Cadwalader Park was created by the city of Trenton in 1888 from land previously owned by Dr.Thomas Cadwalader. In 1890, Frederick Law Olmstead (best known for designing New York City’s Central Park) was hired to create a design for Trenton’s new park.
Prior to Olmstead’s involvement, the city had already started displaying animals in a “zoological garden.” After Trenton dropped Olmstead’s firm for financial reasons, the city added a deer paddock–which Olmstead opposed–on the west side of the park. Olmstead had other plans for that area, called the Western Ravine:
In the broader wooded valley at the west end of the park, Olmsted planned a series of pools that was reminiscent of the Pool and Loch of upper Central Park…The Preliminary Plan of 1891 shows most of the Ravine taken up by five naturalistic pools…with a connecting stream. The three lower pools are shown surrounded with dense vegetation, while the borders of the two upper pools are somewhat more open and more visible from the adjoining meadow areas. These upper pools have four beach areas where the nearby path expands to form a shallow wading area.Cadwalader Park Master Plan, 1998
Much of Olmstead’s plan was not constructed, and many modifications to the design were made the city. A deer paddock was built in 1895, and a sheep house and elk house were also added. By 1906, the park zoo included not only nine fallow deer, but over a dozen other types of animals, including coyotes, alligators, bears, monkeys, and a kangaroo. Two animal barns were added in the western ravine, which are still standing.
The park declined in the 1970s (although the city’s museum, Ellarslie, was created in 1978 in the former monkey house). Deer were kept in the paddock until about ten years ago. As part of a master plan to restore Cadwalader Park, The D&R Greenway Land Trust, the City of Trenton, and several other partners united to restore the paddock area to a more natural meadow and wetland environment. Where once captive deer lived behind a fence, white-tailed deer now run wild.

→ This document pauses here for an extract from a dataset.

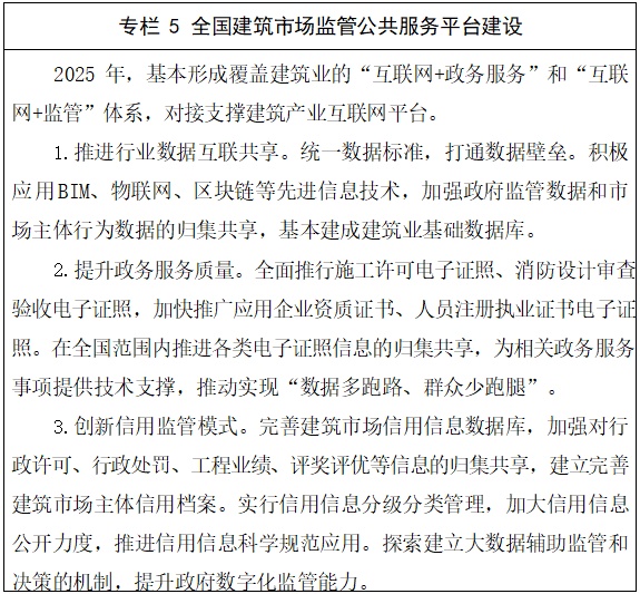 ——建筑市场体系更加完善。建筑法修订加快推进法律法规体系更加完善。企业资质管理制度进一步完善,个人执业资格管理进一步强化,工程担保和信用管理制度不断健全,工程造价市场化机制初步形成。工程建设组织模式持续优化,工程总承包和全过程工程咨询广泛推行。符合建筑业特点的用工方式基本建立,建筑工人实现公司化、专业化管理,中级工以上建筑工人达1000万人以上。

This 19th century graveyard monument in Mercer Cemetery engraved to “The Wife of My Youth” first makes you wonder what kind of monument the wife of his dotage got. But the phrase is from the Old Testament of the Bible:
Let thy fountain be blessed: and rejoice with the wife of thy youth.Proverbs 5:18
The Mercer Cemetery in Trenton, NJ, was created in the 1840s. There were few new internments after the 1930s. Unlike the Riverview Cemetery, which is still active, no one has been buried in Mercer since 1973. In the 1990s, the city spruced up the cemetery, but it became neglected, landscaping and maintenance was deferred, and conditions within the cemetery deteriorated. Fortunately, Trenton is now looking to rehabilitate the Mercer cemetery, beginning with a recent volunteer cleanup effort.
These three small houses are located along the Delaware and Raritan Canal in Trenton, where movable bridges formerly crossed the canal. Houses were provided so the bridgetenders were always available to swing the bridge out of the way as a canal barge passed through.
The Hanover Street house was renovated when Thomas Edison State College built the large building that partially surrounds it. The Calhoun Street house appears to be stabilized, while the Prospect Street house looks occupied.